8. I Believe In Love (written by Martie Maguire, Natalie Maines,
Marty Stuart)
MARTIE: I like this song because it's simple. Songwriters are all
striving to find another way to write about love. "I Believe In Love" sounds maybe like something you think you've heard before,
but the chord progression is so unique that it all feels fresh. We performed this song on the "America: A Tribute To Heroes"
telethon, but it was actually something we'd written before September 11th.
EMILY: I had a doctor's appointment that I couldn't get out of
on the day that Marty Stuart was coming down to Austin to write. I live about two hours from Austin and couldn't make it,
and they wrote two of the songs on the album that day. I am a little bummed that I didn't get to hang with Marty and be a
part of what I think are two great original songs.
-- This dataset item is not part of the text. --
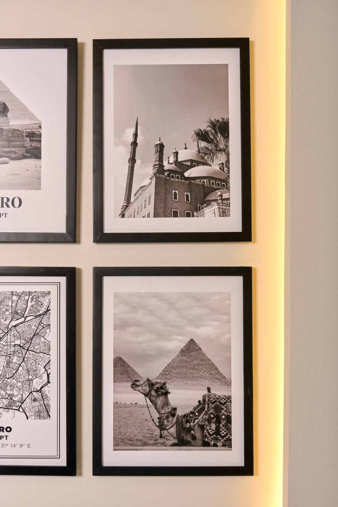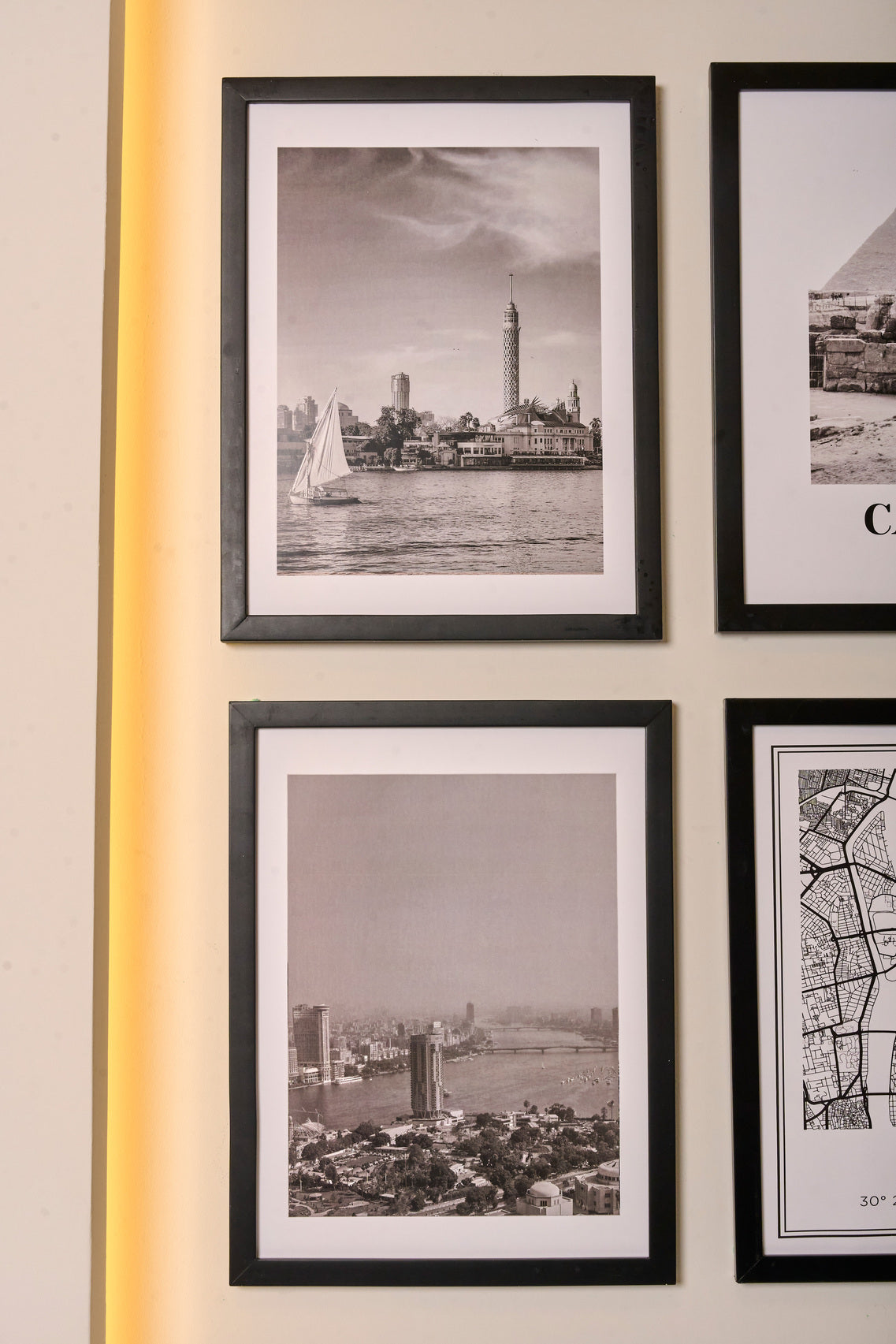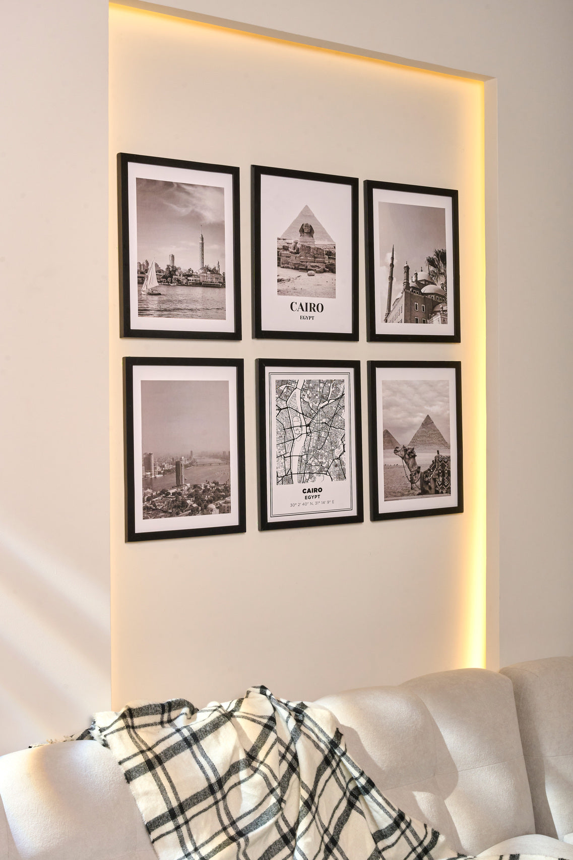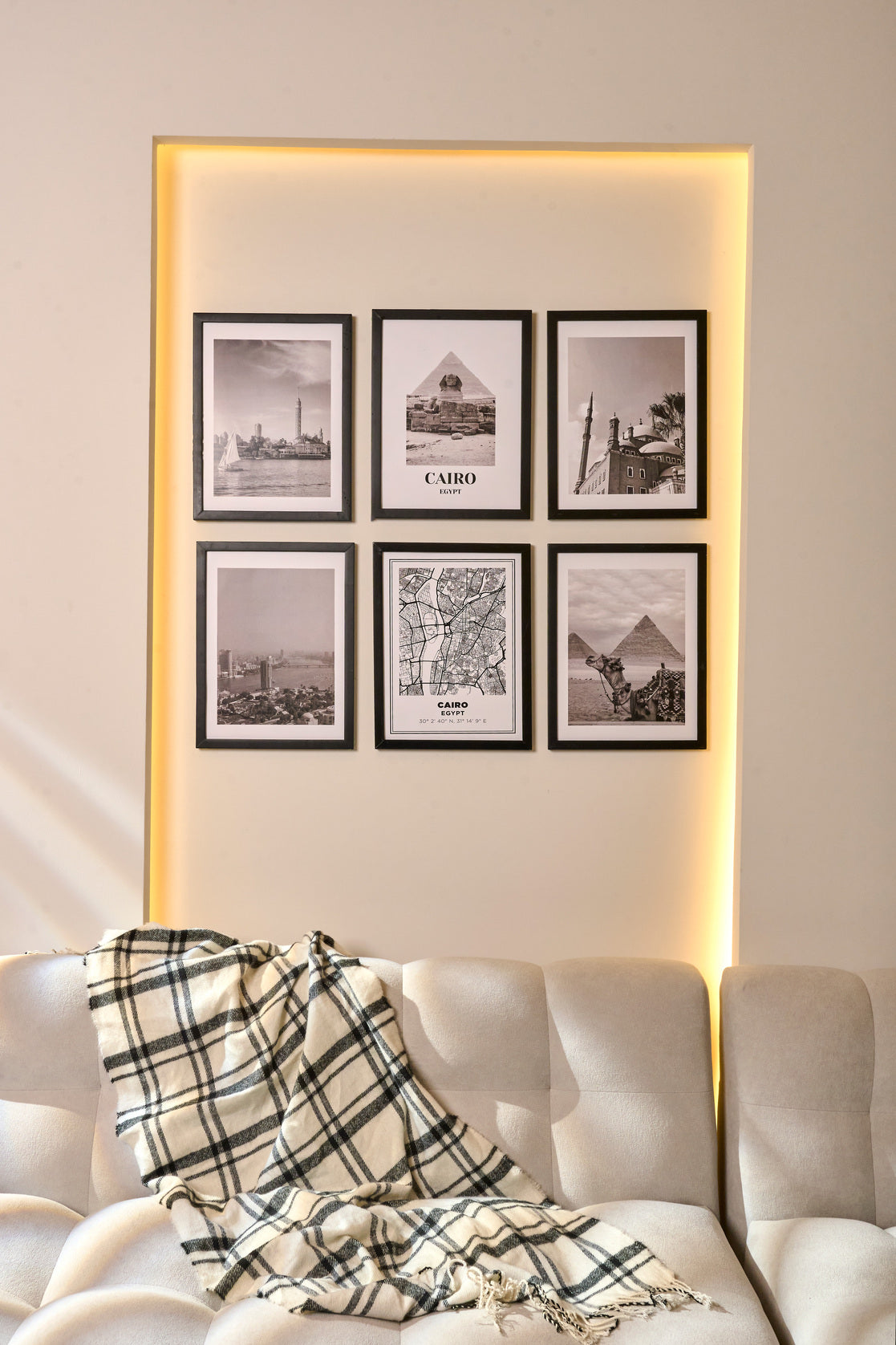 This elegant wall art set features six black-and-white framed prints showcasing iconic landmarks and maps of Cairo, Egypt. Highlighting scenes such as the majestic pyramids, historic mosques, and vintage cityscapes, this gallery-style arrangement adds a sophisticated, cultural touch to any room. Perfect for travel lovers and décor enthusiasts, this Cairo photo frame set blends history and art in a timeless monochrome palette.

8. Tortured, Tangled Hearts (written by Natalie Maines,
Martie Maguire, Marty Stuart)
NATALIE: That's the other song that Martie and I wrote with
Marty Stuart when he came to Austin. Marty Stuart had the idea for "Tortured, Tangled Hearts." He had thought of it on the
plane. And he had a lot of lines and things already written and we just added to it and I don't remember exactly who did what.
But it's just a really great song. Charlie -- Emily's husband -- says, it's going to be a standard bluegrass song and that
it's about time because not very often do women write a standard bluegrass tune.
MARTIE: Marty Stuart had the original idea for the song,
and I just think he's a great musician, great writer and a great personality. That's a song that came together really quick
-- a perfect opportunity to pick and harmonize.
9. Lil' Jack Slade (written by Emily Robison, Martie Maguire,
Lloyd Maines, Teri Hendrix)
MARTIE: Slade's been dancing to our music since he was in
the womb on the Fly Tour. He came to visit mom in the studio one day when we were working up this song. He just went crazy,
bouncing, up and down. This just had to be his song.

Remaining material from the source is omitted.